──────── Study material
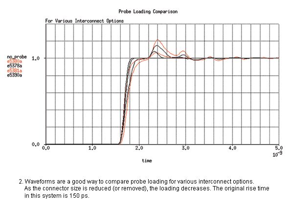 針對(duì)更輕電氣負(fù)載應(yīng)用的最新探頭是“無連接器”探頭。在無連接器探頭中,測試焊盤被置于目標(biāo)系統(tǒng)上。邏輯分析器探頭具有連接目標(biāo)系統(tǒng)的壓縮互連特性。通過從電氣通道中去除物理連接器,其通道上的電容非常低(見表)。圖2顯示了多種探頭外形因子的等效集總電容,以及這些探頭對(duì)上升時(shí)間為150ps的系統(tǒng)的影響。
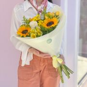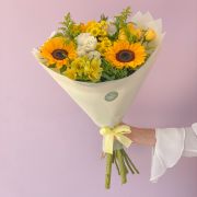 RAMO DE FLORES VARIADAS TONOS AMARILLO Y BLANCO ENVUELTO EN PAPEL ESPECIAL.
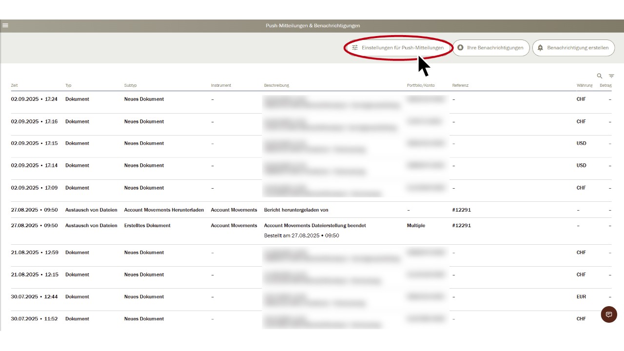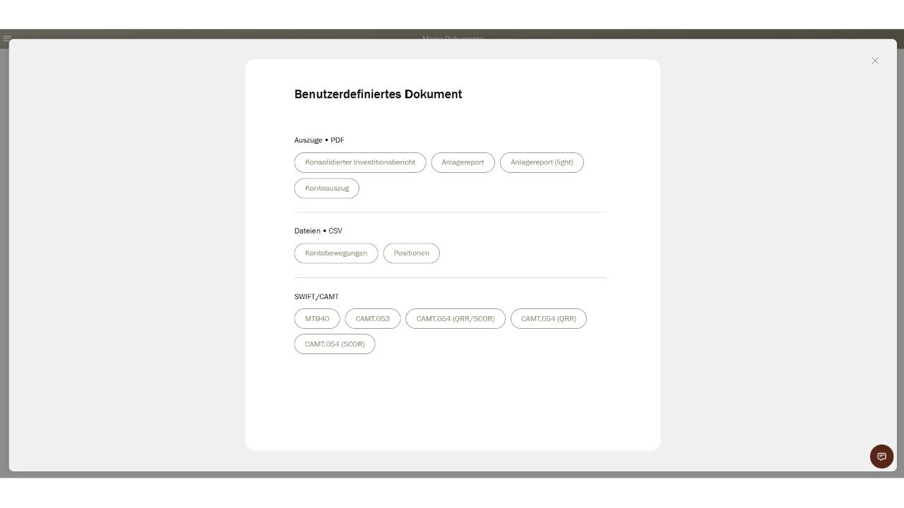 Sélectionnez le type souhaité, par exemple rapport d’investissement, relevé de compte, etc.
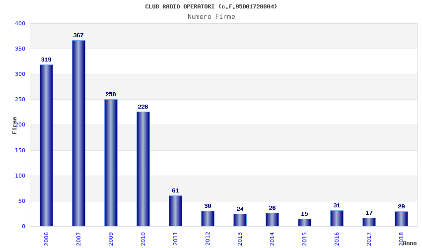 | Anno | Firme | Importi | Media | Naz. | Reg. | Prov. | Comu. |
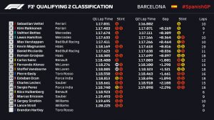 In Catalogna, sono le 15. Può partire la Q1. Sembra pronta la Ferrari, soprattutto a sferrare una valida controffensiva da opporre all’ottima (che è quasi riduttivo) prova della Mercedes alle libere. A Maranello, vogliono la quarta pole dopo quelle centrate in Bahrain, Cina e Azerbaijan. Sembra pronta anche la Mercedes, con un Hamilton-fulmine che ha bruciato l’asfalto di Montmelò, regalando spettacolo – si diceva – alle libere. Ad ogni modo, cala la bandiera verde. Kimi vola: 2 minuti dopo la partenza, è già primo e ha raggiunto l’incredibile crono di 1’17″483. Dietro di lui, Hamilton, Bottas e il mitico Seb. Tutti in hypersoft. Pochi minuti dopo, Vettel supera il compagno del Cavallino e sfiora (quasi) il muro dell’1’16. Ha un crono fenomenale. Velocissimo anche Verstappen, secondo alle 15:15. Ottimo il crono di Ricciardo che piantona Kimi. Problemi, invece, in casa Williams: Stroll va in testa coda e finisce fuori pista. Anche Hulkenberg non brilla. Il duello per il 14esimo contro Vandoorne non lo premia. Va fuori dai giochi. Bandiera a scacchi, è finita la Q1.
────────────────
──────── Study material
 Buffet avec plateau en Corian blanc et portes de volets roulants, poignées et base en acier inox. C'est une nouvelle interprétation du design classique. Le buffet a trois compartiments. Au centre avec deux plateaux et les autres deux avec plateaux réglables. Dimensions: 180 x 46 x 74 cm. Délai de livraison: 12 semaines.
────────────────
**To do**
The stretch above running from the line with "Sélectionnez le type" through the line with "Prov. | Comu. |" is all you should copy, exactly, leaving out the pictures.

**Reply to the exercise**
 Sélectionnez le type souhaité, par exemple rapport d’investissement, relevé de compte, etc.
 | Anno | Firme | Importi | Media | Naz. | Reg. | Prov. | Comu. |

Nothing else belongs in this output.